In a recent post, Mindy McAdams of Teaching Online Journalism discusses the skills graduating journalists must have. I thought a mention was appropriate because one of my students, Jessica Schriendl, has a blog with The Joplin Globe in which she discusses the state of the industry and the appropriateness (or not) of government assistance for newspapers.
Thank goodness this list includes skills we have been stressing or are starting to stress at The Chart and in my Comm 111 Newswriting class at Missouri Southern State University.
The skills:
- Evidence of blogging and interaction with a wide range of blogs
- An understanding and active use of social media (Twitter, RSS, social bookmarking etc.)
- The ability to tell an engaging story using still images and audio (audio slideshow)
- Ability to shoot, edit and tell stories using video
- Basic ability to create interactive story elements using Adobe Flash
- Ability edit audio and produce podcasts
- Ability to file from the field breaking news
- Ability to moderate online discussion
(From Renee Barnes, a radio journalist in Australia who also teaches online journalism there. Posted on her blog News Frontier)
June 8, 2009 at 2:57 am
Okay TR, I agree with you, we need to know how to do all of these things. But who can do all these things in a day at a newspaper job and still have a life? I’m not criticizing you or Mindy McAdams for this post or idea, but you can’t do all of these things in a reasonable amount of time and still produce that pesky daily newspaper that still accounts for 95 percent of your revenue. At a small newspaper like ours, the reporter has to write three stories a day and shoot and process photos. In that case, when do I have time to create a slide show or even post an audio. Newspapers have to get reasonable about what they want from their reporters. If a newspaper wants all these cool new things on its Web site, it has to provide the bodies to produce these things and still put out that darned daily newspaper that, oh, by the way, still pays for the toys and people to produce all these neat new kinds of media. One last question, when is a newspaper going to require the same multi-tasking of its advertising sales staff?????
June 8, 2009 at 7:57 pm
BTW, you need to work on your free speech skills. Comments don’t have to have our approval before they appear on Idiococracy Now.
June 8, 2009 at 9:09 pm
OK, John. Two comments.
1. The item is about the skills graduating journalists must have, not about what every paper can or should do. That is a whole ‘nother debate.

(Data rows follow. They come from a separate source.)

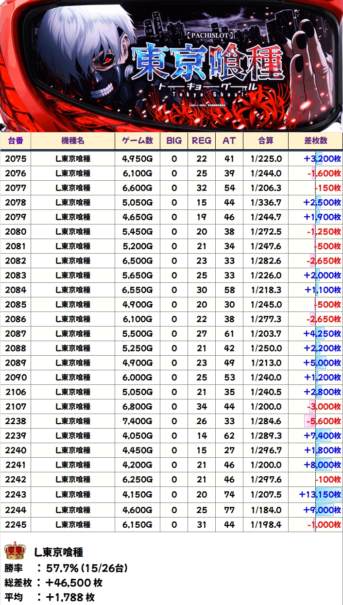 【1/2系濃厚】L東京喰種(15/26台+)→平均+1,788枚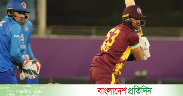 দুবাইয়ে টস হেরে বৃহস্পতিবার ব্যাট করতে নেমে পাওয়ার প্লেতে জনসন চার্লসকে হারায় ওয়েস্ট ইন্ডিজ। অধিনায়ক ব্রেন্ডন কিং এক প্রান্ত আগলে রাখলেও আরেক প্রান্তে তাকে খুব একটা সঙ্গ দিতে পারেননি কেসি কার্টি ও জাস্টিন গ্রেভস। ষোড়শ ওভারে কিং ও শিমরন হেটমায়ারকে ফিরিয়ে সাবেক বিশ্ব চ্যাম্পিয়নদের বড় ধাক্কা দেন রাশিদ খান। ৩৫ বলে তিন ছক্কা ও দুই চারে ৪৭ রান করেন কিং। দুই ছক্কায় ৬ বলে ১৩ রান করে থামেন হেটমায়ার। শেষ দিকে ১১ বলে দুটি করে ছক্কা ও চারে ২৭ রানের দারুণ ক্যামিও ইনিংস উপহার দেন ম্যাথু ফোর্ড। ৯ বলে তিন চারে অপরাজিত ১৬ রান করেন স্প্রিঙ্গার। তাদের ব্যাটে লড়াইয়ের পুঁজি পায় ওয়েস্ট ইন্ডিজ।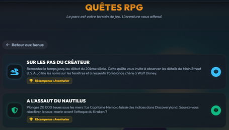 Transformez votre visite au parc en un véritable jeu de rôle grandeur nature ! Le Mode Quêtes vous lance des défis amusants à réaliser directement dans le parc (trouver un objet caché, prendre une photo spécifique, répondre à une énigme...). C'est le moyen parfait pour pimenter votre journée, découvrir des détails insoupçonnés que la plupart des visiteurs ratent, et occuper vos enfants dans les files d'attente !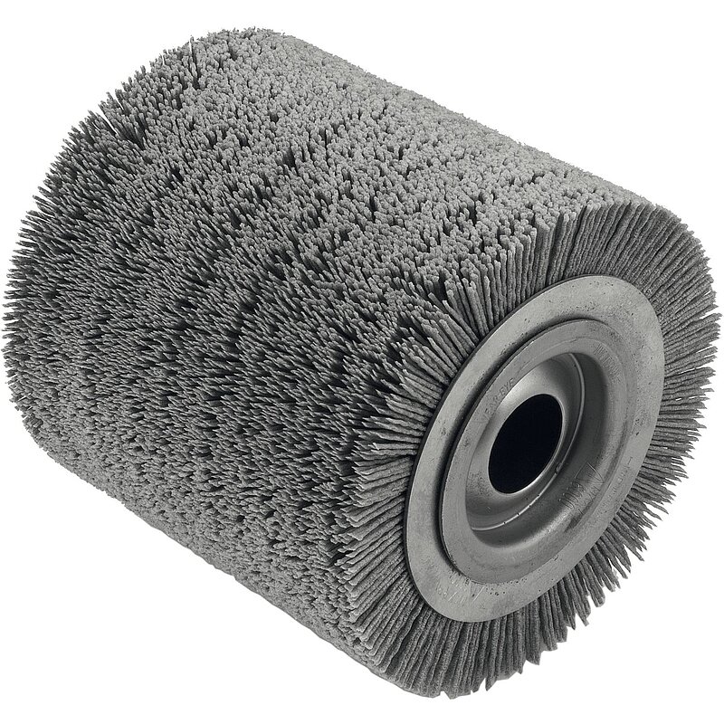 Nylonbürste mit eingebettetem Schleifkorn. Die mit LD-Bürsten vorbehandelten Hölzer werden vor dem Beizen bzw. Lackieren von hochstehenden Fasern befreit.

2. That is real nice of you on Idiocracy Now. But I am one to err on the side of caution here. I think as more and more media outlets go online, libel law will start to treat comments like letters to the editor in the print product. Right now, Section 230 of the Communications Decency Act says that “no provider or user of an interactive computer service” is to be treated as the publisher of information provided by someone else. But I think that is going to be an area of law that develops further.